WORK TASK:
From the line containing "Este juego de" to the last line of the listing, both included, copy every line exactly and drop the pictures.

· · · · ·

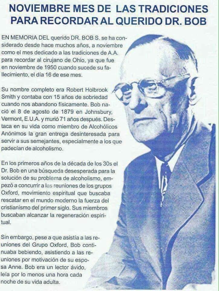 Alcohólicos Anónimos nace un 10 de junio de 1935 en la ciudad de Akron, Ohio en los Estados Unidos de América, cuando dos alcohólicos crónicos: el Dr. Robert H. Smith (Bob S.) y William Griffith Wilson (Bill W.) – cofundadores –, se encuentran y a través del compartimiento de sus experiencias como bebedores problema alcanzan el estado de sobriedad permanente. El éxito de este resultado es basado en la idea de que un alcohólico puede ayudar a otro alcohólico a través de un “puente de comprensión”.
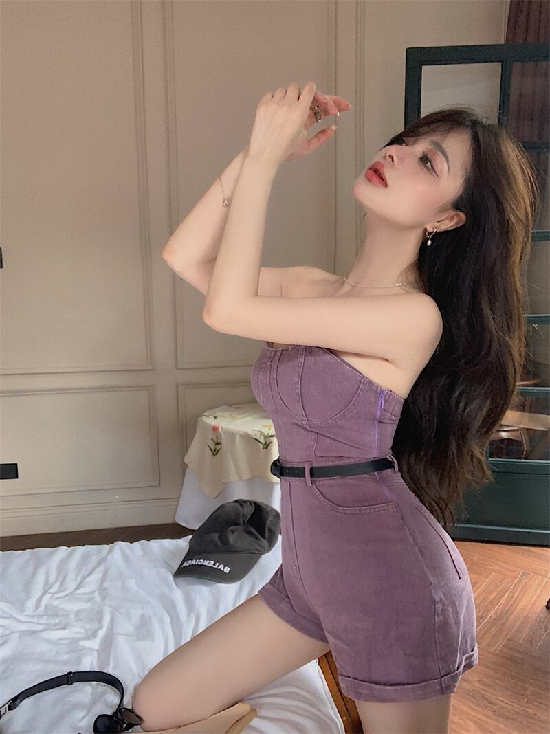 グリーン カーリー ワンピース デニム ショートパンツ レディース 夏 デザイン感 小さめ トールウエスト ワンショルダー チューブトップ ワイドレッグパンツ サマー 夏物 ショーツ ブルマー bstraw62270503430 | beaute25
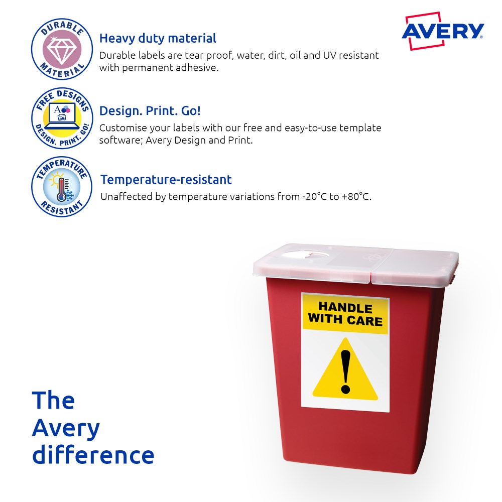• Customise your labels with Avery Design and Print, available at averyproducts.com.au/print.
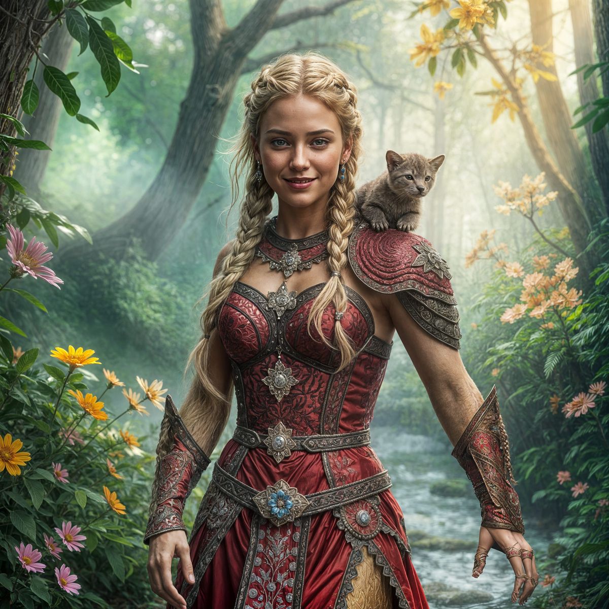 A hyperrealistic image of a smiling warrior princess in detailed red armor, with a cute furry animal on her shoulder, walking through a foggy forest with big flowers and intricate lighting.
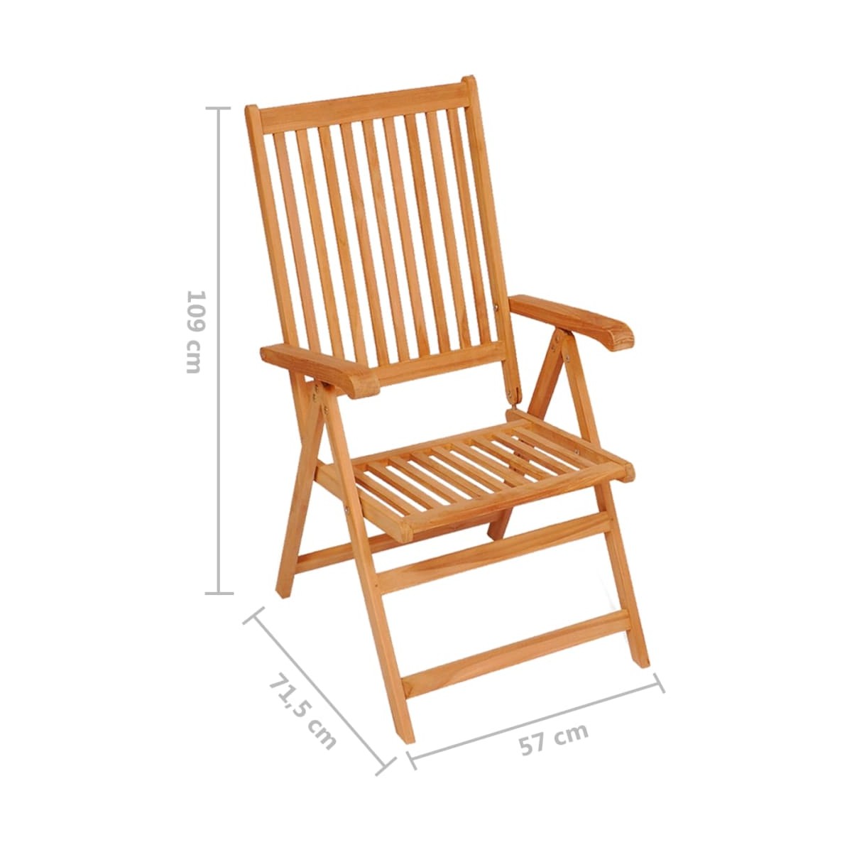 Este juego de sillas de jardín de madera es un excelente aporte para tu jardín o patio. Es ideal para relajarte, charlar con familiares y amigos o simplemente disfrutar del buen tiempo. Construidas con madera maciza de teca muy duradera, estos muebles de teca han sido secados al horno y lijados finamente para darles una apariencia muy lisa. La madera de teca es conocida por su excepcional robustez y resistencia a la intemperie, lo que la hace mucho más adecuada para muebles de jardín que cualquier otro tipo de madera. La madera de teca es la elección perfecta si quieres comprar un mueble de jardín duradero. El respaldo de la silla se puede ajustar en 7 posiciones de reclinado, para que siempre puedas encontrar la posición más cómoda. También es ligera, lo que facilita poder moverla. La silla de exterior también se puede plegar para ahorrar espacio cuando no la uses. El cojín incluido es más que un aporte práctico, también tiene una función decorativa.
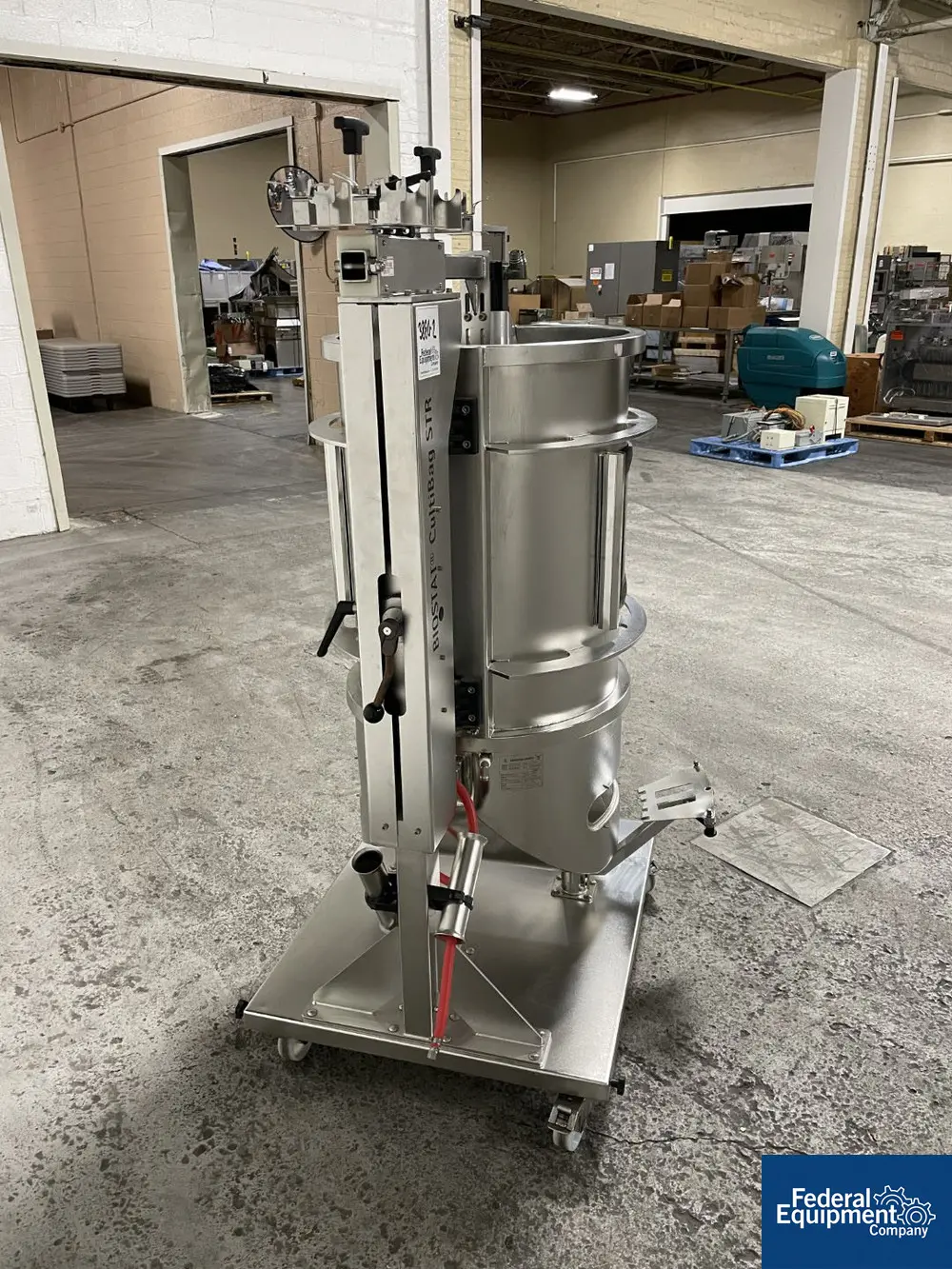 Thermo Scientific #HyClone, single use bioreactor, 250 liter capacity, Stainless Steel, open top, flat bottomshell. 24" diameter x 36" straight side, 1720 RPM, 12.5:1 Ratio

· · · · ·

ANSWER BELOW:
 Este juego de sillas de jardín de madera es un excelente aporte para tu jardín o patio. Es ideal para relajarte, charlar con familiares y amigos o simplemente disfrutar del buen tiempo. Construidas con madera maciza de teca muy duradera, estos muebles de teca han sido secados al horno y lijados finamente para darles una apariencia muy lisa. La madera de teca es conocida por su excepcional robustez y resistencia a la intemperie, lo que la hace mucho más adecuada para muebles de jardín que cualquier otro tipo de madera. La madera de teca es la elección perfecta si quieres comprar un mueble de jardín duradero. El respaldo de la silla se puede ajustar en 7 posiciones de reclinado, para que siempre puedas encontrar la posición más cómoda. También es ligera, lo que facilita poder moverla. La silla de exterior también se puede plegar para ahorrar espacio cuando no la uses. El cojín incluido es más que un aporte práctico, también tiene una función decorativa.
 Thermo Scientific #HyClone, single use bioreactor, 250 liter capacity, Stainless Steel, open top, flat bottomshell. 24" diameter x 36" straight side, 1720 RPM, 12.5:1 Ratio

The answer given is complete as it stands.